Petition for Review at 2-3.
Based on the Union's explanation of the proposal, as well as the proposal's plain wording, it is clear that it would not become applicable to bargaining unit technicians until after the decision to utilize them in an overseas deployment had already been made. At that point, the proposal would become operative and require the Agency to inform employees that they may volunteer for "military leave" under section 6323(d) by use of a general written announcement. On its face, the proposal does not preclude the Agency from selecting any technician it desires for deployment to active duty overseas.
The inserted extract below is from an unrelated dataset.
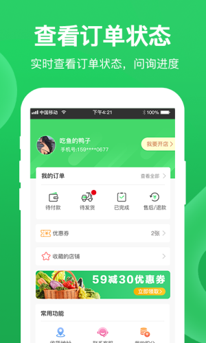 主要提供的产品有蔬菜水果、肉禽蛋、水产海鲜、米面粮油等,不设定起送门槛,没有配送费,新人专享38元红包。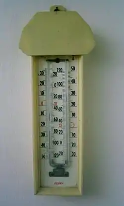 Six's maximum and minimum thermometer is a registering thermometer that can record the maximum and minimum temperatures reached over a period of time, for example 24 hours. It is used to record the extremes of temperature at a location, for instance in meteorology and horticulture. It was invented by the British scientist James Six, in 1780;[1] the same basic design remains in use.

Rather, it simply requires the posting of a notice to inform employees that they may ask for military leave under section 6323(d).
The majority's explanation of the proposal's meaning focuses on an alleged limitation on the Agency's determination to "attempt staffing a military mission with technicians in section 6323(d) status" or, after assignment, to ask an employee whether "he or she was willing to [perform a military mission] in section 6323(d) status." Slip. Op. at 18. In fact, the Agency does not contend that it has any interest in the leave status of a technician who has either volunteered or has been assigned to active military duty. The Agency's actual argument focuses on its perception that the proposal limits control over its military members. In this regard, the Agency states:
Therefore, our interpretation of the real meaning of the proposal is that the [A]gency may only announce to those of its military members who happen to be technicians the opportunity to volunteer to be placed on military orders, in a military status, for OCONUS [Outside the Continental United States] missions by a written general announcement; it cannot name or otherwise identify those military members of the military unit who happen to be technicians as being eligible to take part in the deployment; it cannot directly approach any one of those members who happen to be technicians, requesting or ordering them to military duty, until the member expresses an interest in the deployment; and they cannot make any military decisions which might be "adverse" based on those military members' [sic] who happen to be technicians and who have not expressed a willingness to support the unit's OCONUS deployment(s).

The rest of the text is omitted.